On the last day of 2019, Chinese authorities officially announced that they were managing an outbreak of pneumonia with an unknown cause. The date of onset for the initial case of this new infectious disease remains unclear. According to a report published by the medical team in Wuhan, China, on the 41 cases of this infection that occurred between December 1, 2019 and January 2, 2020, the initial patient reportedly experienced symptom-onset on December 1, 2019, although he reportedly had never visited the Huanan Seafood Wholesale Market [1]. Therefore, it is likely that there was an unknown index patient, if this patient was infected by another person.
On January 7, 2020, the idiopathic pneumonia was reported to have been caused by a new coronavirus, and information regarding the organism was made available to researchers around the world [2]. The World Health Organization (WHO) tentatively named this new virus as the 2019 novel coronavirus (2019-nCoV). On January 10, 2020, the first death caused by this new infectious disease was reported in China. On January 13, the first confirmed case outside China was reported in Thailand, and the patient did not have a history of visiting the Huanan Seafood Wholesale Market. Thereafter, first cases were reported in Japan and Korea on January 15, 2020 and January 20, 2020, respectively. Since then, as of February 8, 2020, total number of confirmed cases in Korea have increased to 24 [3]. As epidemiologic characteristics of this new disease are unknown, they are being investigated based on comparisons with the clinically similar Severe Acute Respiratory Syndrome and the Middle East Respiratory Syndrome. Rapid investigation and determination of epidemiologic characteristics of new infectious diseases is crucial for limiting transmission and for attaining desirable treatment outcomes through early diagnosis and management. Sharing of crucial data, as unearthed by epidemiologists around the world, is highly critical and it could help to definitively determine characteristics of this new infectious disease and containing its additional spread accordingly is urgent.
This is a report reviewing the epidemiologic characteristics based on data of 28 patients in Korea between January 20, 2020 and February 10, 2020. The information may be revised on the basis of updated epidemiologic information.
This report was compiled using information from the epidemiologic investigation report by Korea Centers for Disease Control and Prevention (KCDC), and from additional data confirmed and announced by the press [3,4]. As dates of the onset of symptom were recorded based on patients’ statements, initial, mild symptoms might have been overlooked. Incubation period refers to the time-interval from the time of infection to the time of onset of symptoms.

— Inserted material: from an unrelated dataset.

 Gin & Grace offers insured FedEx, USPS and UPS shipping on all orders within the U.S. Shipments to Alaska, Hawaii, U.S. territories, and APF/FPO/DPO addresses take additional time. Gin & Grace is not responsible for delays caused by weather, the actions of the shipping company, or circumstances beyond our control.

However, there are many cases in which exact time of infection is not clear. When multiple instances of contact with other patients were reported, maximum and minimum incubation periods have been determined, based on the time-interval between the initial and the final time point of contact. This epidemic in Korea are composed of several index patients who were infected in foreign countries such as China, first-generation patients who were estimated to be infected by index cases, and second-generation patients who were estimated to be infected by first-generation patients. Index case means initially detected patient in the first outbreak cluster. The first patient responsible for the outbreak may not be an index case. The source of infection to which index patients in Korea were exposed needs to be identified in further investigation and this study does not include it.
The generation time or serial interval means the time-interval between the date of symptom-onset of an index case and the date of symptom-onset of the subsequently infected patient.

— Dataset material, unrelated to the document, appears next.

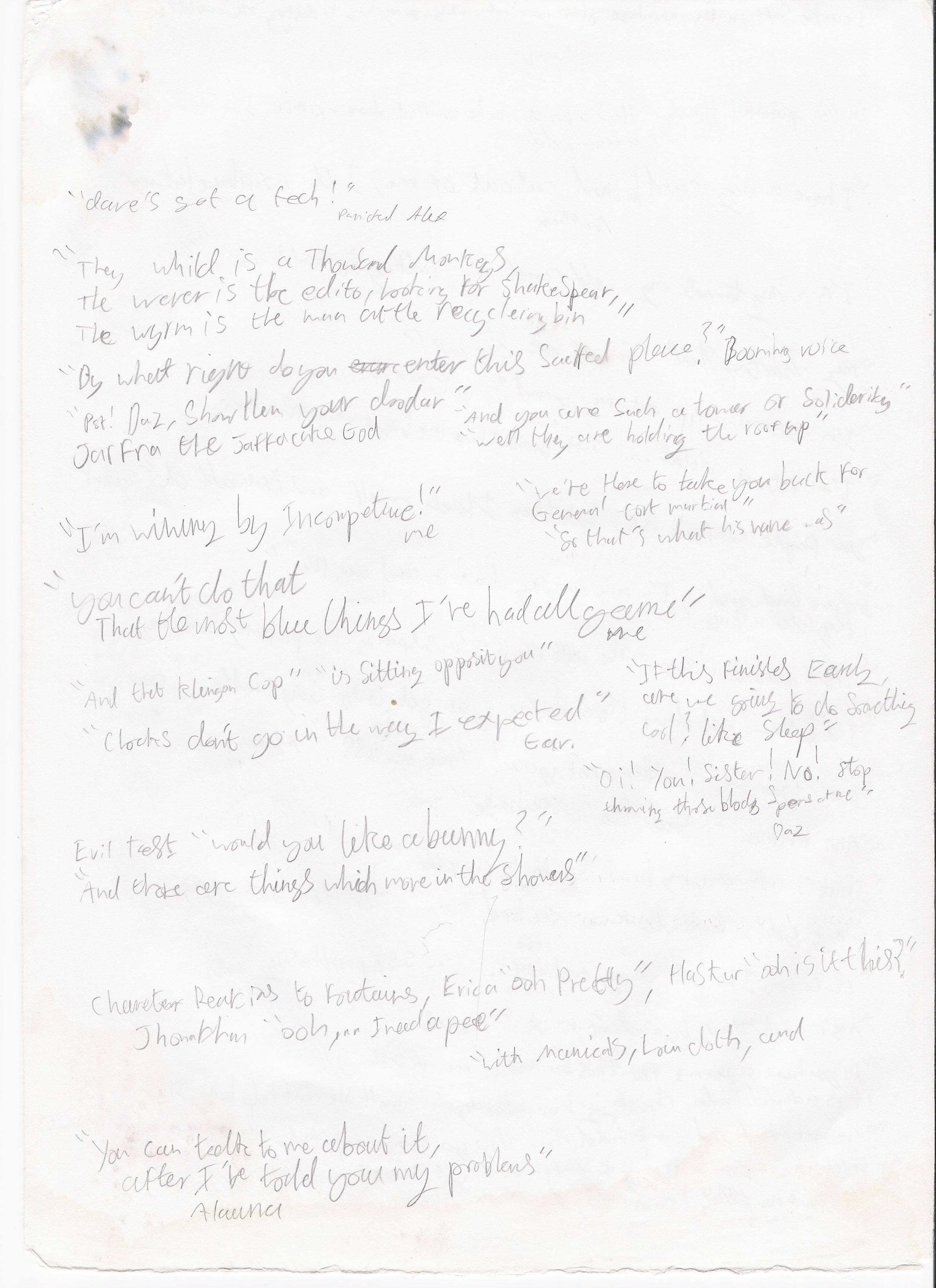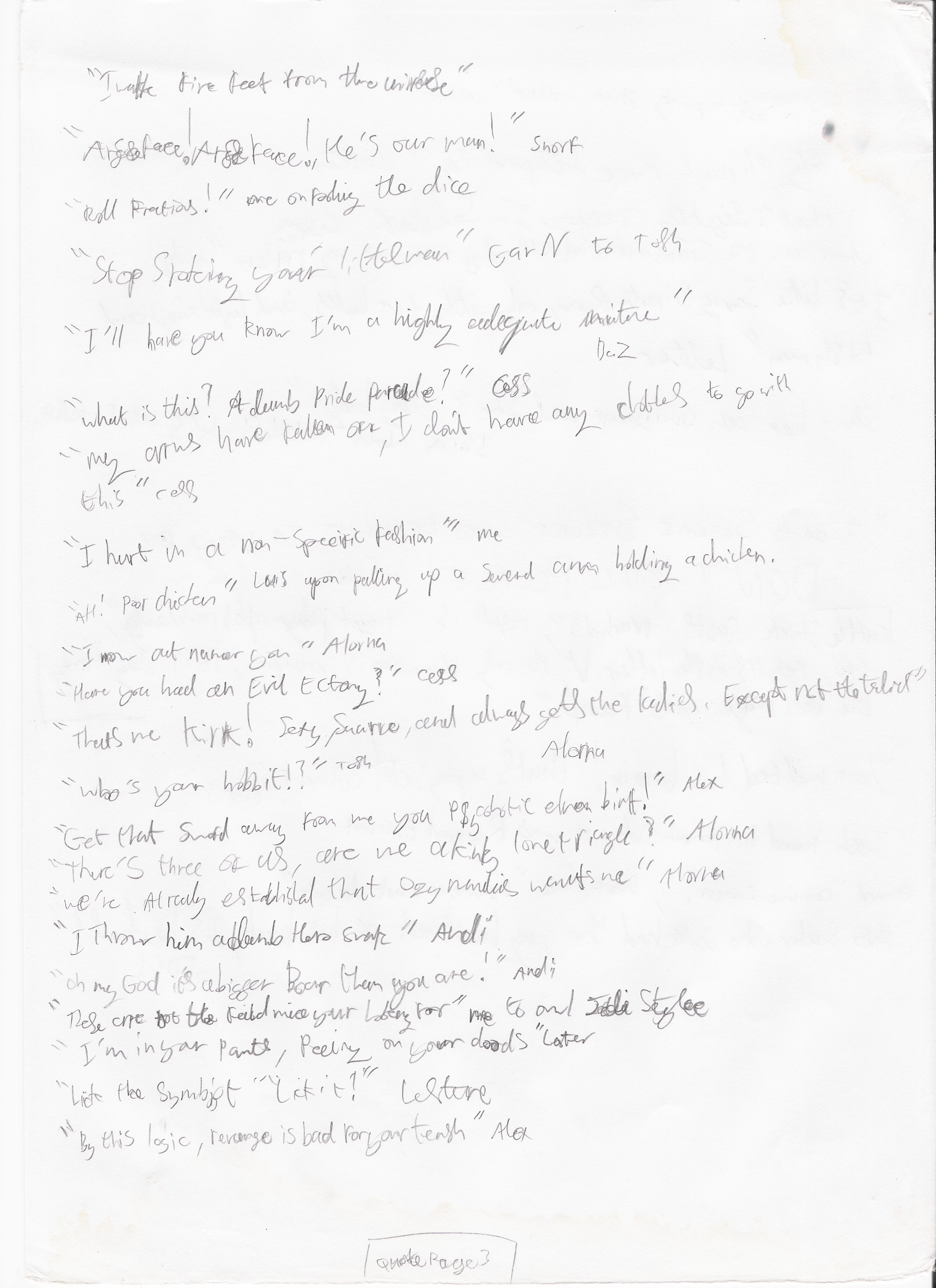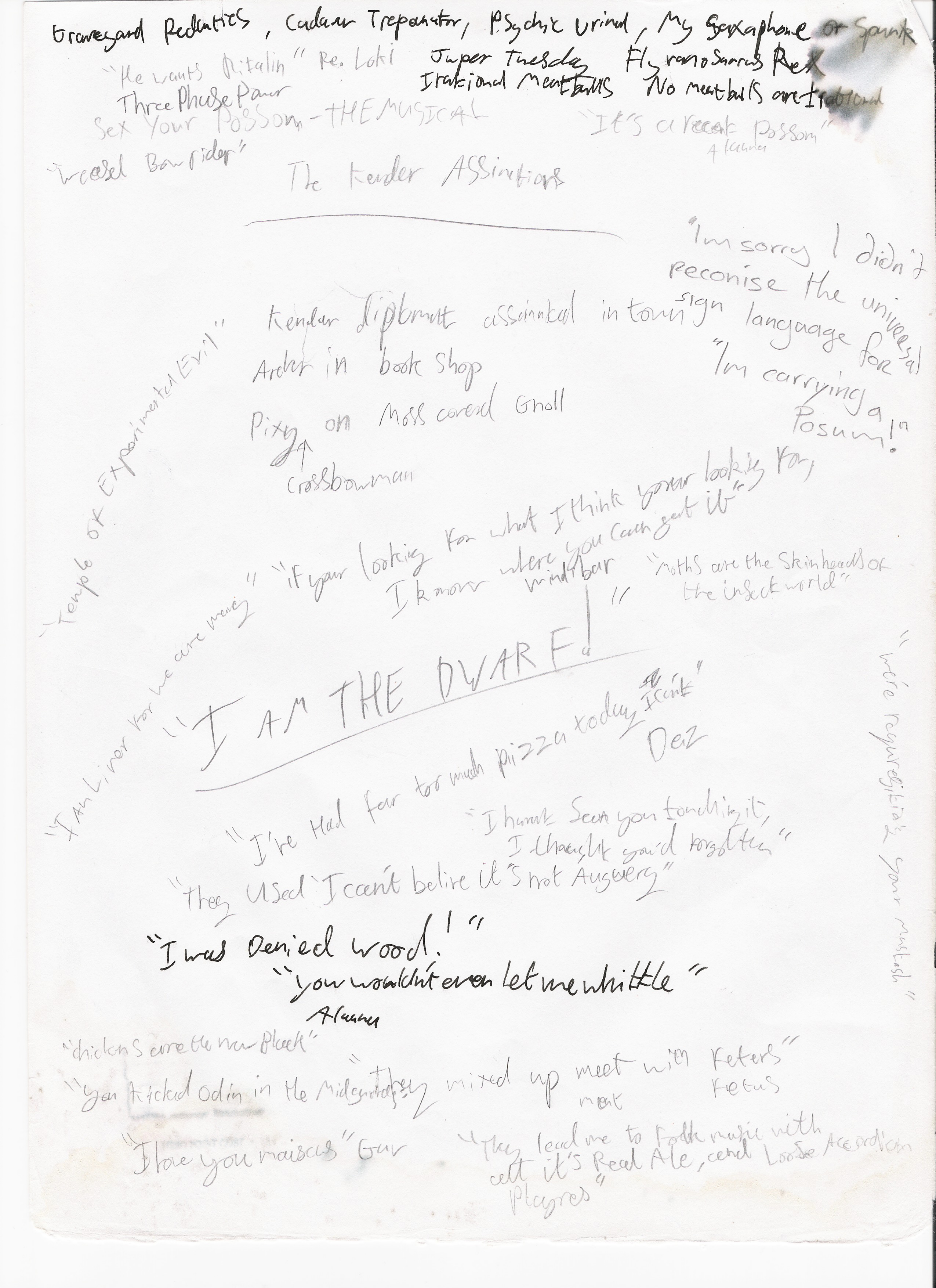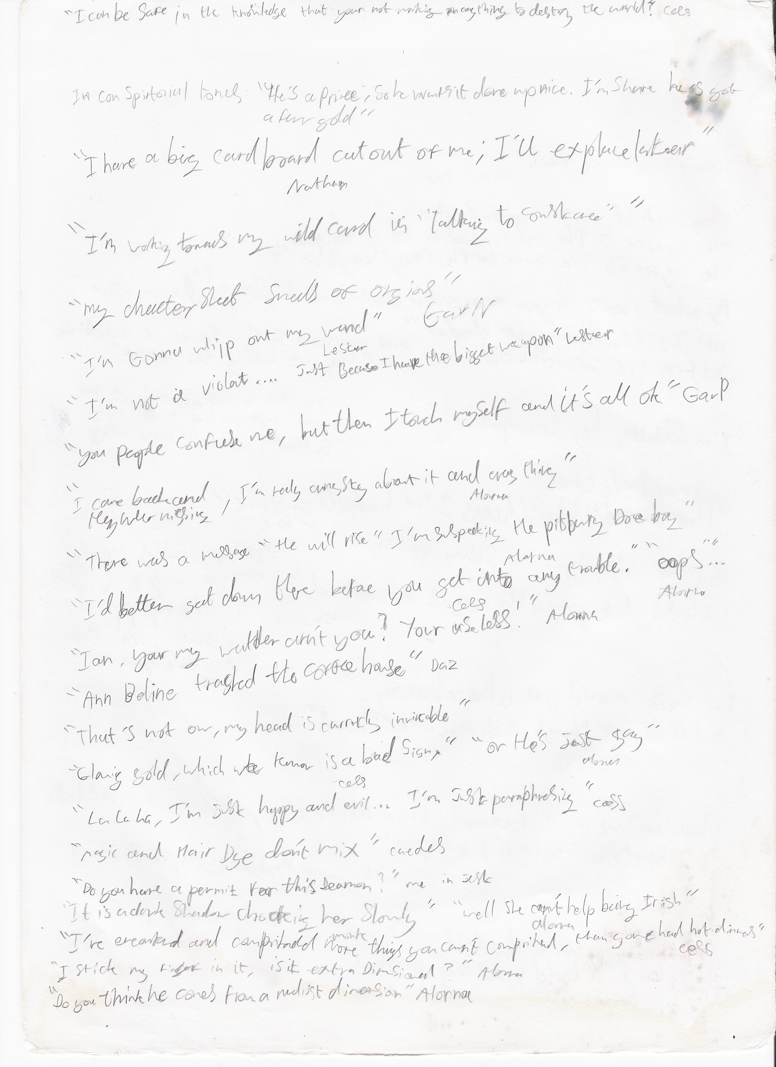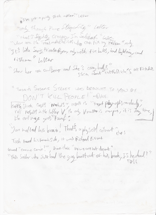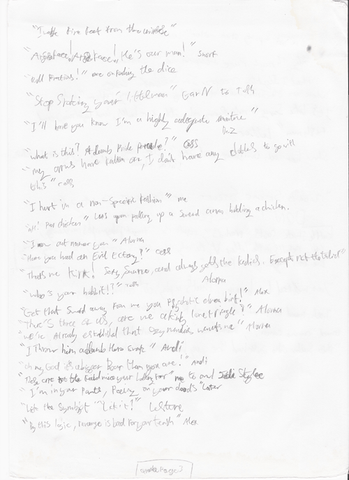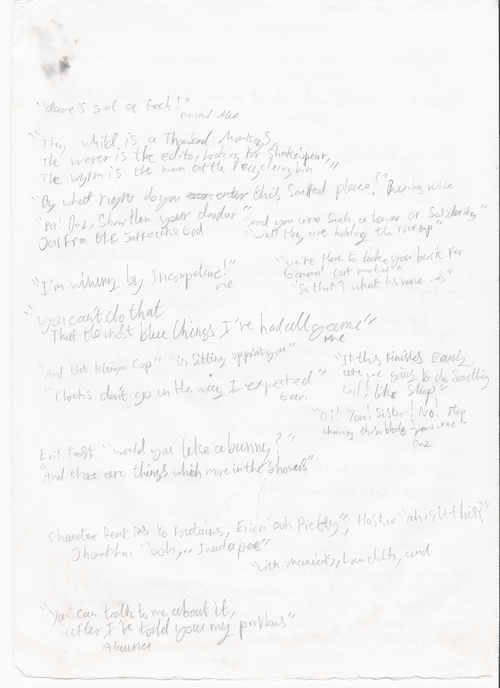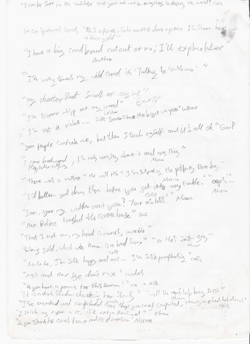 In the not too distant future this page will be a complete transcript of noteworthy, or particularly amusing utterances. At the present moment however it will simply be an archive of the sheets themselves, scanned.

The terms of “quarantine” and “isolation” needs to be carefully distinguished. In this report, the term “quarantine” is used to indicate that cases were selected as control target and segregated by the quarantine authority as contacted persons, considering their history of contact with another confirmed patient and/or their visit to the area of the outbreak (Wuhan city or the Hubei province). “Isolation” is used when the cases were confirmed to have been infected and segregated in a medical institute as patients.
Ethics statement
The ethical approval or individual consent was not applicable. Data published by the KCDC were used in this study, and therefore consents from individual patients have not been obtained.
Epidemiologic characteristics
Examination of demographic characteristics of the 28 confirmed patients in Korea showed that 15 (53.6%) and 13 (46.4%) were male and female, respectively. Six of the patients were Chinese nationals, with three identified as visitors from China, while the other three were residents in Korea. The remaining 22 patients (78.6%) were Korean nationals. The median age of all patients was 42 years (21-73) (all adults, with 6, 6, 6, 8, 1 and 1 patient in their 20s, 30s, 40s, 50s, 60s and 70s, respectively) (Table 1). In total, 16 patients constituted index cases, while 9 and 3 were first-generation and second-generation patients, respectively (Figure 1).

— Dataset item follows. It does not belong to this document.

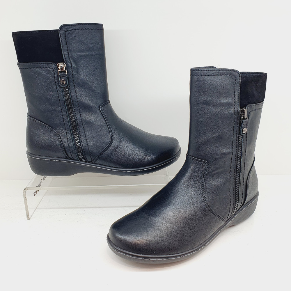 깔끔한 디자인이 다양한 복장에 잘 어울리는 하프 부츠입니다.
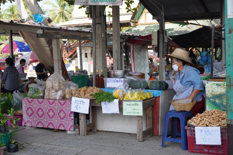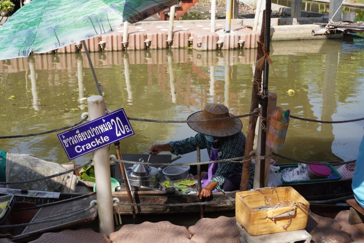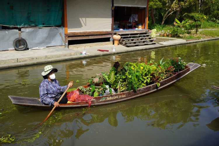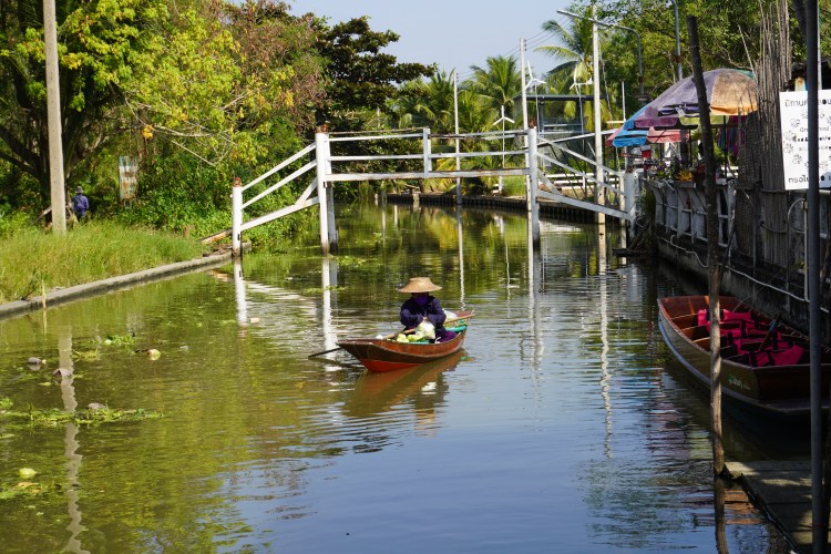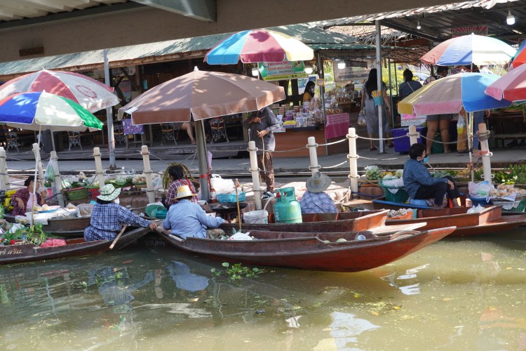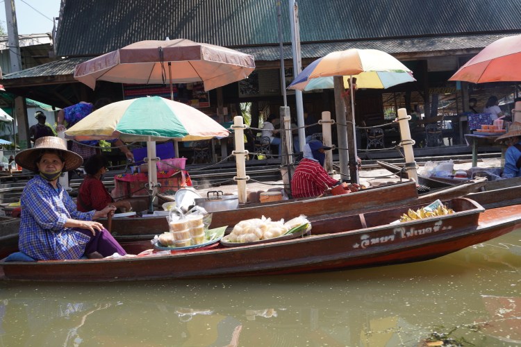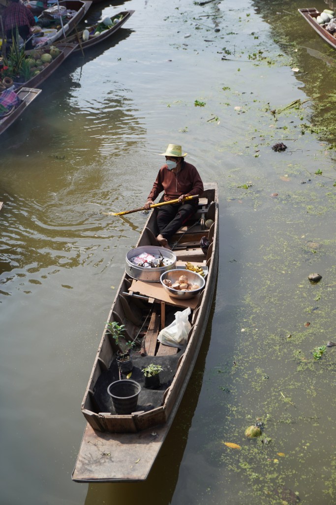 Samstags-Markt mal anders. Und das gleich zwei Mal. Am Vormittag besuchten wir den zauberhaften Markt «Tha Kha Floating». Ein ganz einfacher dafür sehr authentischer Floating Markt – ein schmucker Juwel. Er ist seit über 60 Jahren ein Teil des kleinen, angrenzenden Dorfes. Der zauberhafte Markt spielt nicht auf einem Platz statt, sondern in Booten. Die lokalen Bauern und Fischer sitzen ganz gelassen in ihren «Longtailboats» und verkaufen frische Blumen und Lebensmittel. Auch als Garküchen werden diese genutzt. Auf dem Markt geht es gemütlich und bescheiden zu und her. Der Markt blieb bis anhin vom Massentourismus verschont und so vielen wir zwei «Farangs» auf wie bunte Hunde.

Geographical regions in which 11 (68.8%), 1, 1, 1, and 2 index cases are speculated to have been infected include Wuhan, Guangdong, Japan, Thailand, and Singapore, respectively. Of the twelve first-generation and second-generation patients, 8 (66.7%) were family members of the index cases, while the remaining 4 patients were acquaintances who had been in close contact with index patients. All of these patients were identified during a control process for close contacts after confirmation index cases (Figure 1).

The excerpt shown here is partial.